Write out each line of the listing as it stands, without the images.

● **Source material**:
▼

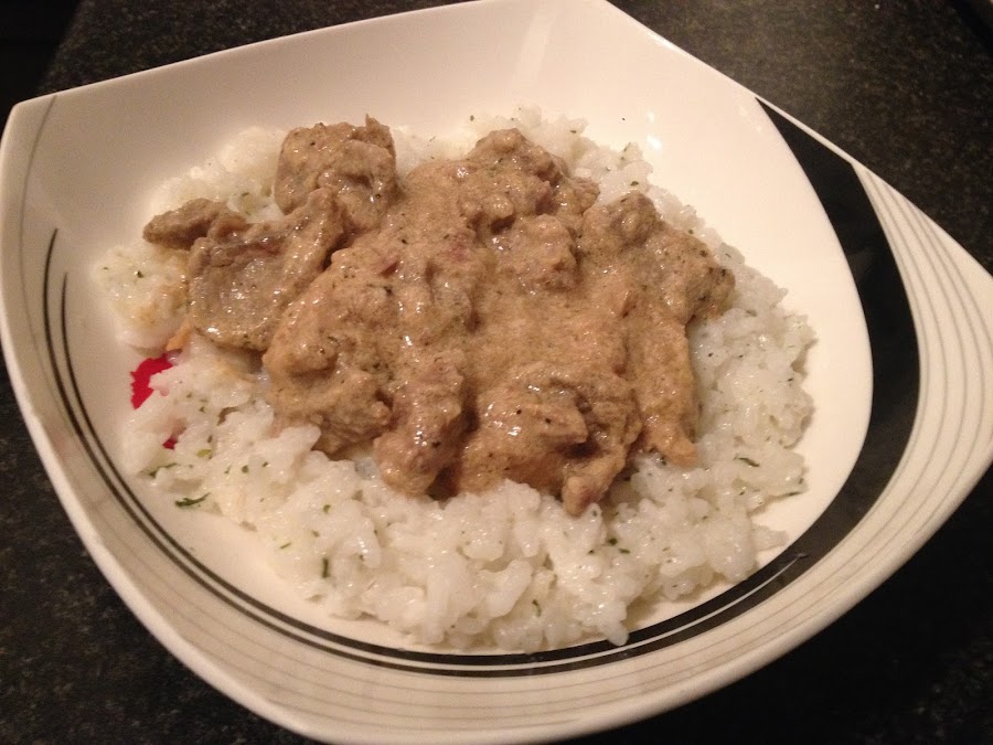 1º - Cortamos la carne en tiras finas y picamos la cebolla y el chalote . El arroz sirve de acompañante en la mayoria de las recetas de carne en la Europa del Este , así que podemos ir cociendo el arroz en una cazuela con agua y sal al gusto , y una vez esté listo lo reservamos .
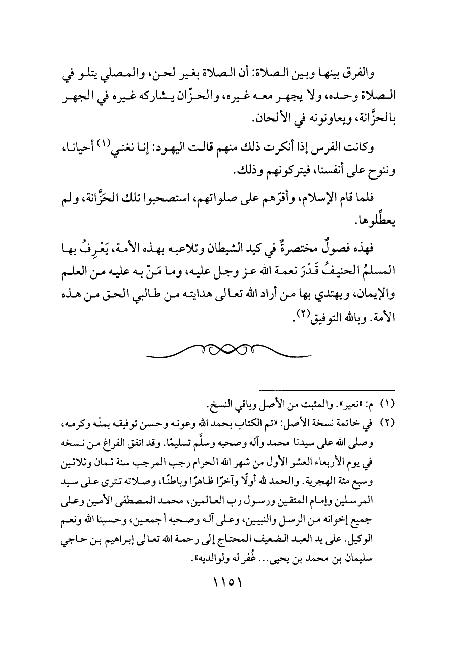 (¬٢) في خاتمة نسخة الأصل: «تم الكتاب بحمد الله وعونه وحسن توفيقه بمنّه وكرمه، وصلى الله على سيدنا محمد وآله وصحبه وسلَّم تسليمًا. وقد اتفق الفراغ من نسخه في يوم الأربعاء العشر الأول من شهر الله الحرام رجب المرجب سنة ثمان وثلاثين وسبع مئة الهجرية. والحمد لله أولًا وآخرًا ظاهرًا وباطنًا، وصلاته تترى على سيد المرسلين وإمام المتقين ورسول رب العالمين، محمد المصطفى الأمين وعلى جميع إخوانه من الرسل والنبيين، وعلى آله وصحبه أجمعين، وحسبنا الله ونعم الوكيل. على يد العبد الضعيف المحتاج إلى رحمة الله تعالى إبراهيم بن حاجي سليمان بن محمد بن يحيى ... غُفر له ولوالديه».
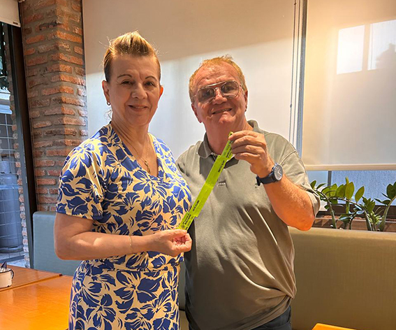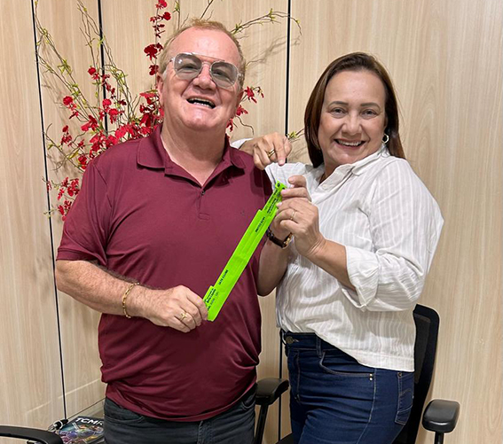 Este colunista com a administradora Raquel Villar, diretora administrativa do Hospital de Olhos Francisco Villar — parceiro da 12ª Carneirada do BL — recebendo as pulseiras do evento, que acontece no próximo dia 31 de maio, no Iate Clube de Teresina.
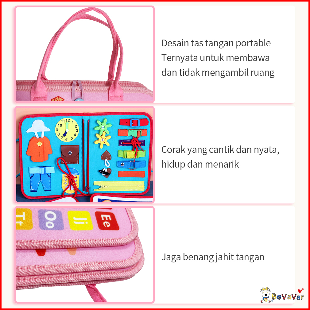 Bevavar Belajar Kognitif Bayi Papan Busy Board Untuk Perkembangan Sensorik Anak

▲

● **Solution for this exercise**:
 1º - Cortamos la carne en tiras finas y picamos la cebolla y el chalote . El arroz sirve de acompañante en la mayoria de las recetas de carne en la Europa del Este , así que podemos ir cociendo el arroz en una cazuela con agua y sal al gusto , y una vez esté listo lo reservamos .
 (¬٢) في خاتمة نسخة الأصل: «تم الكتاب بحمد الله وعونه وحسن توفيقه بمنّه وكرمه، وصلى الله على سيدنا محمد وآله وصحبه وسلَّم تسليمًا. وقد اتفق الفراغ من نسخه في يوم الأربعاء العشر الأول من شهر الله الحرام رجب المرجب سنة ثمان وثلاثين وسبع مئة الهجرية. والحمد لله أولًا وآخرًا ظاهرًا وباطنًا، وصلاته تترى على سيد المرسلين وإمام المتقين ورسول رب العالمين، محمد المصطفى الأمين وعلى جميع إخوانه من الرسل والنبيين، وعلى آله وصحبه أجمعين، وحسبنا الله ونعم الوكيل. على يد العبد الضعيف المحتاج إلى رحمة الله تعالى إبراهيم بن حاجي سليمان بن محمد بن يحيى ... غُفر له ولوالديه».
 Este colunista com a administradora Raquel Villar, diretora administrativa do Hospital de Olhos Francisco Villar — parceiro da 12ª Carneirada do BL — recebendo as pulseiras do evento, que acontece no próximo dia 31 de maio, no Iate Clube de Teresina.
 Bevavar Belajar Kognitif Bayi Papan Busy Board Untuk Perkembangan Sensorik Anak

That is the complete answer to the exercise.